Problem requirements
Print the lines in the listing below that fall between the line with "จุดและจะมีเพิ่มต่อไปอีกเรื่อย ๆ ด้วย" and the line with "A red-footed booby", those two lines included, exactly as they stand and with nothing else.

Information supplied
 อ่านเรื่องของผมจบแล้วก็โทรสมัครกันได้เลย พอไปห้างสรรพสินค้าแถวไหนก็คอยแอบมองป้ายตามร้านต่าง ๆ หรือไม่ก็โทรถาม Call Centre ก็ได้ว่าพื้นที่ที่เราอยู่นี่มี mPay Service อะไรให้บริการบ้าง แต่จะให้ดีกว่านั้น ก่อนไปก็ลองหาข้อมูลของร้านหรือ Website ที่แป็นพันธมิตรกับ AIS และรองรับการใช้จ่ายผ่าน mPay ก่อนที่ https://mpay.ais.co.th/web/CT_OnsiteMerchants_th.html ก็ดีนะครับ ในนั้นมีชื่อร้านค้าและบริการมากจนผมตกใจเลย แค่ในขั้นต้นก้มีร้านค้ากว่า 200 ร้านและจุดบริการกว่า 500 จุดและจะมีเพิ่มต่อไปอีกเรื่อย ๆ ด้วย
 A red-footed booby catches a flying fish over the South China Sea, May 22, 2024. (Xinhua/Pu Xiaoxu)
--
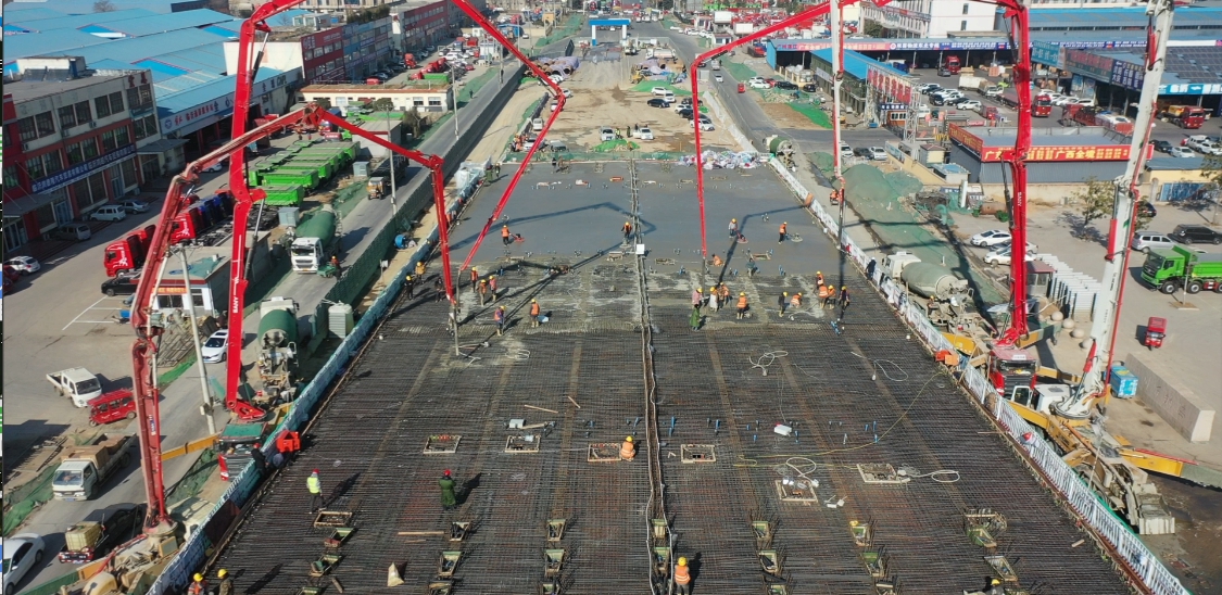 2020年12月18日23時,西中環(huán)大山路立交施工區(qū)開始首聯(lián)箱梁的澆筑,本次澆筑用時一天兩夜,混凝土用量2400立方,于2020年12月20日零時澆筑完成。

Final answer
 อ่านเรื่องของผมจบแล้วก็โทรสมัครกันได้เลย พอไปห้างสรรพสินค้าแถวไหนก็คอยแอบมองป้ายตามร้านต่าง ๆ หรือไม่ก็โทรถาม Call Centre ก็ได้ว่าพื้นที่ที่เราอยู่นี่มี mPay Service อะไรให้บริการบ้าง แต่จะให้ดีกว่านั้น ก่อนไปก็ลองหาข้อมูลของร้านหรือ Website ที่แป็นพันธมิตรกับ AIS และรองรับการใช้จ่ายผ่าน mPay ก่อนที่ https://mpay.ais.co.th/web/CT_OnsiteMerchants_th.html ก็ดีนะครับ ในนั้นมีชื่อร้านค้าและบริการมากจนผมตกใจเลย แค่ในขั้นต้นก้มีร้านค้ากว่า 200 ร้านและจุดบริการกว่า 500 จุดและจะมีเพิ่มต่อไปอีกเรื่อย ๆ ด้วย
 A red-footed booby catches a flying fish over the South China Sea, May 22, 2024. (Xinhua/Pu Xiaoxu)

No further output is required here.